The M28 Jarmann harpoon rifle was a modification of the Jarmann M1884 Norwegian service rifle.

Between the wars, several Norwegian gunsmiths attempted to create harpoon guns, intended for hunting seals and shooting rescue lines to boats in distress. Seeing a ready market, and having access to the several thousand Jarmanns in storage, Kongsberg Våpenfabrikk designed a harpoon gun referred to as the M28. As part of the rebuild, the magazine and the repeating mechanism were removed, and the handguard and barrel were shortened. In addition, a heavy rubber shoulderpad was added to reduce the considerable recoil. The rifle could still fire the ordinary 10.15 x 61R cartridge after the conversion. A box could be mounted under the handguard containing up to 300 m of thin rope. Kongsberg manufactured the M28 harpoon gun until 1952, when they started using the Mauser 98 mechanism in a new harpoon gun called the M52. The sources indicate that around 1,911 Jarmann rifles were modified to M28s, about half of them after World War II.

The M28 was advertised as being suitable for use for hunting and rescue work, as well as for general shooting of lines.
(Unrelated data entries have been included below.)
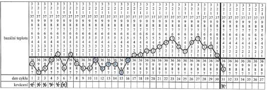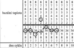 Pravidlo třetího dne vyšších teplot: od večera třetího dne luteální fáze je žena neplodná až do nástupu menstruace.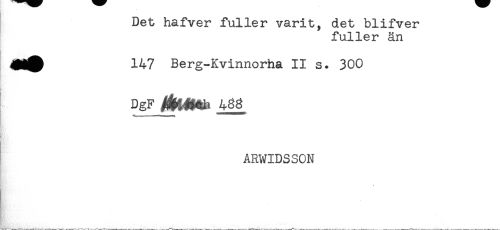 //// Det hafver fuller varit, det blifver //// fuller än //// 147 Berg-Kvinnorha II s. 300 //// DgF 433 //// i //// ARWIDSSON ////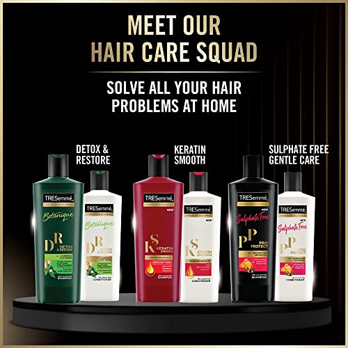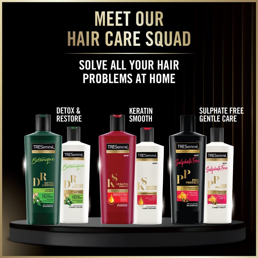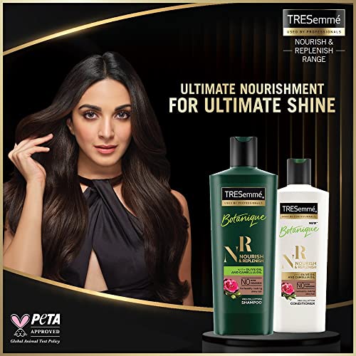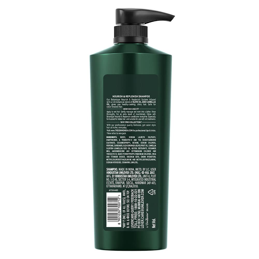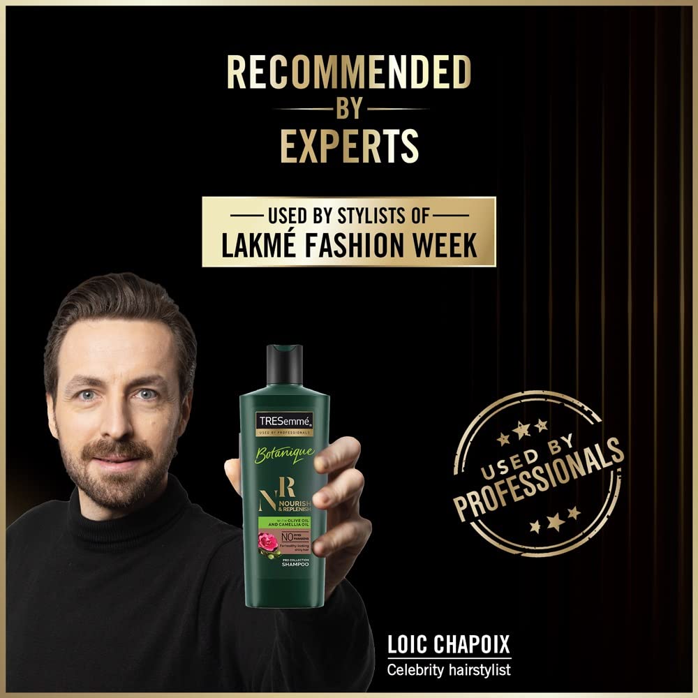 Infused with a rich botanical blend of olive oil and camellia oil|| TRESemmé Botanique Nourish & Replenish is a natural shampoo that gently cleanses and nourishes your hair. Rich in Vitamin A|| B|| C and E|| Olive oil and Camellia oil help stimulate hair growth and clean your follicles of collected dirt. They also soften your hair and help in retaining moisture. Botanique Nourish & Replenish Shampoo is equipped with patented micro-moisture technology that smoothens and protects dry hair from damage. Its expertly crafted mild system contains no parabens or dyes and is safe for color-treated hair. This nourishing shampoo can also control frizz for upto 24 hours. It deeply moisturizes your hair leaving it beautifully soft|| smooth and shiny. TRESemmé Botanique Nourish & Replenish Shampoo is especially formulated for Indian hair and is suitable for use in conjunction with oil treatments. Buy today to get softer|| smoother and healthier looking salon quality hair without the salon price tag! For best results|| use this shampoo with TRESemmé Botanique Nourish & Replenish Conditioner. Suitable for both men and women. To use: Apply to wet hair and gently massage to work into a lather. Rinse thoroughly. Follow up with the TRESemmé Botanique Nourish & Replenish Conditioner for an extra boost of nourishment. *OLD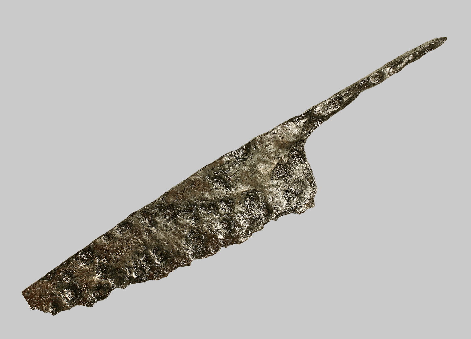 Klingenblatt mit annähernd geradem Rücken und fragmentierter Schneide. Ursprünglich vielleicht Bestandteil einer Schere. Wohl sekundär als Messer genutzt.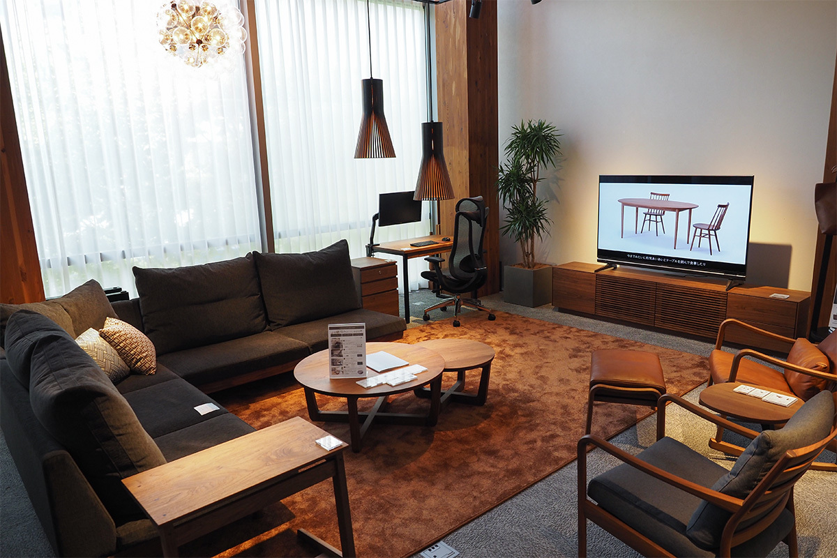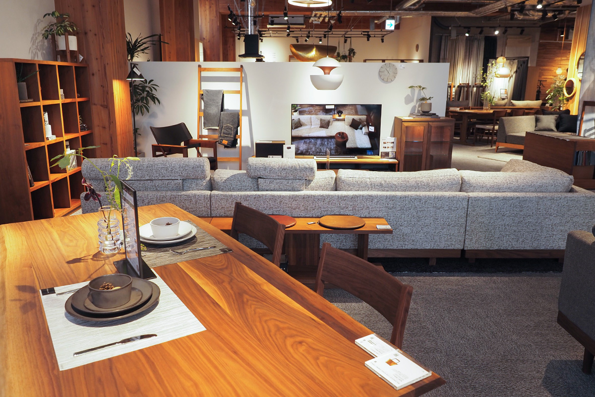 店内は高い天井と木でできた柱が特徴的な空間。リビング/キッチン/ダイニング/書斎/ベッドルームなど、さまざまシーンに合わせてコーディネートされたソファ/チェア/テーブル/ベッド/インテリアなどを体験できる。

The advertisement reproduced here specifically mentions its suitability for firefighters, people erecting telephone lines and general construction work. The M28 was seen as suitable for hunting Atlantic bluefin tuna, seals, swordfish and other large marine animals. Among the equipment that could be delivered for the M28 were hunting harpoons, rescue harpoons, rocket-assisted harpoons, 'dum-dum bullets' and rope of various lengths in special crates. The special rounds for launching harpoons were manufactured until the mid-1970s.